An asymmetric-time permutation is basically a public permutation F that takes a lot of time to perform in one direction (expensive direction) and very short time in the inverse direction (cheap direction). The most interesting property of an a-t permutation is the asymmetry ratio, which is the (average) ratio between expensive and cheap computation times.

This is a practical construction that is evaluated both ways in a protocol so the expensive computation must not be unfeasible: it may take 1 second of computation for a target CPU. Generally the expensive direction time is chosen so that is takes more than the time a response must be sent by a prover in an interactive challenge-response protocol.
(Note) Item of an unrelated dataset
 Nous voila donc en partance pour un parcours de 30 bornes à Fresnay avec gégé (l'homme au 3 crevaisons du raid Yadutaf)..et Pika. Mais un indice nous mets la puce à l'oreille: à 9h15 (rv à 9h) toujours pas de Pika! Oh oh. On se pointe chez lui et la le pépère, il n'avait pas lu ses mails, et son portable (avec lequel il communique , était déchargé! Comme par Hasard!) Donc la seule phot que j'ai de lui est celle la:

One of the best a-t permutations I found is $f^{-1}(x)= x^3 (\bmod p)$, where $p$ is a large prime. The ratio is $O(n)$, where $n$ is the number of bits in $p$.
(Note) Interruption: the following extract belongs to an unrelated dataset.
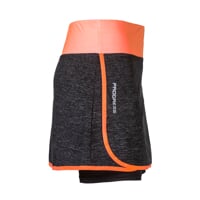 94% Polyester + 6% Elasthan (Innenshorts) / 84% Polyester + 16% Elasthan (Außenrock)
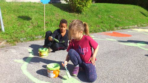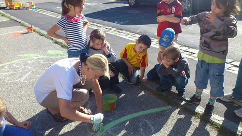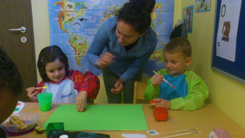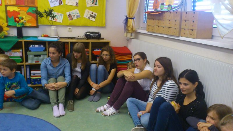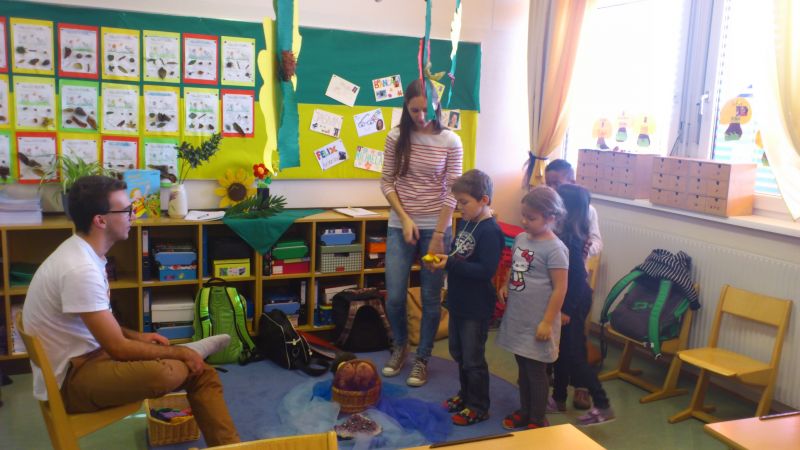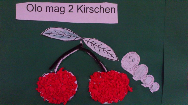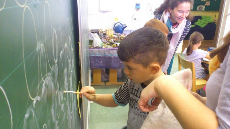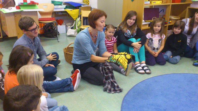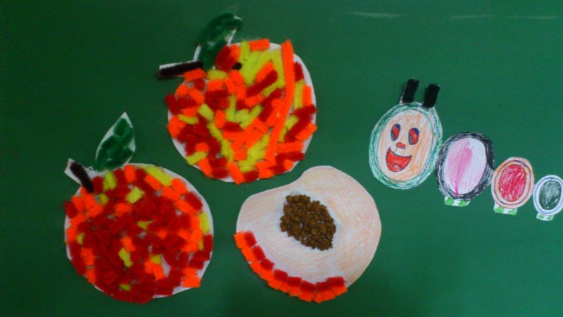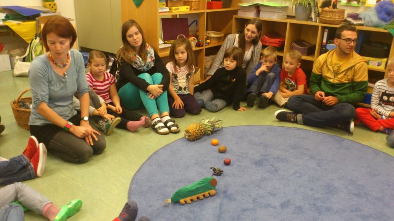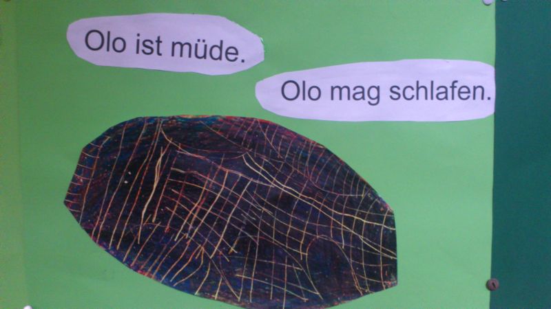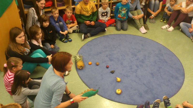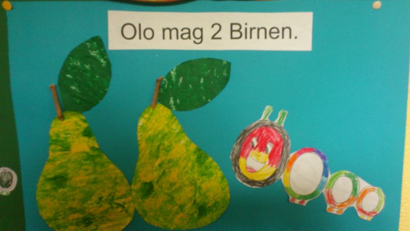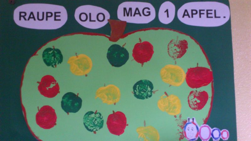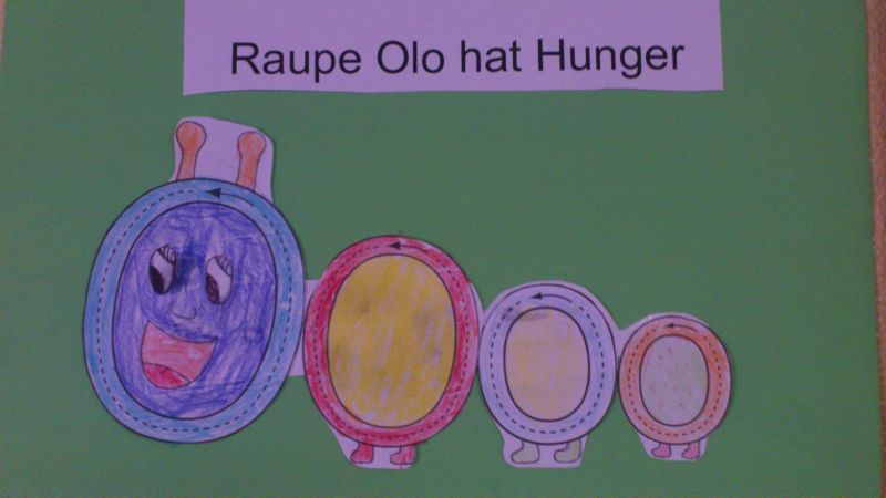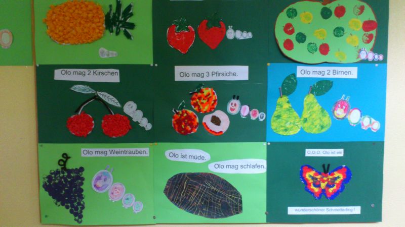 Zur Geschichte „Raupe Olo hat Hunger“ gestalteten die Kinder mit unseren Studierenden des 1. Semesters gemeinsam ein Bilderbuch.

Another desired property is that you cannot break F by pre-computing and then turn expensive evaluations into cheap ones. So the domain size must be $> 2^{64}$.
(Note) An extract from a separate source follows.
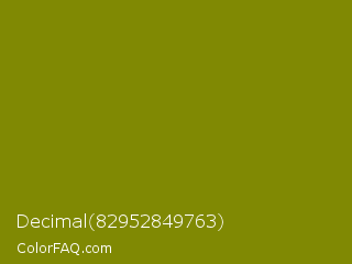 Decimal 82952849763 Color is a dark yellow color and the nearest color is Olive #808000. Hex code #808903 and RGB value is rgb(128,137,3). In RGB color space, this color is composed of 50% red, 54% green, 1% blue, In CMYK color space, this color is composed of 7% cyan, 0% magenta, 98% yellow , 46% black , In HSL color space, this color has a hue angle of 64° , 96% saturation and 27% lightness.

The a-t function may have other desired properties, such as the ability to probabilistically test if $f^{-1}(x) = y$, given only a part of $x$ chosen by the challenger.

Are there other a-t functions with comparable or higher asymmetry ratios?

Candidates may be a trapdoor function such that the trapdoor is unknown and no third-party trust is required (nothing up my sleeve number). In other words, the verification logic must be public, and not limited to the challenger.

Note: I think I'm the first to specifically focus on a-t functions and its practical applications, but let me know if you find any prior mention.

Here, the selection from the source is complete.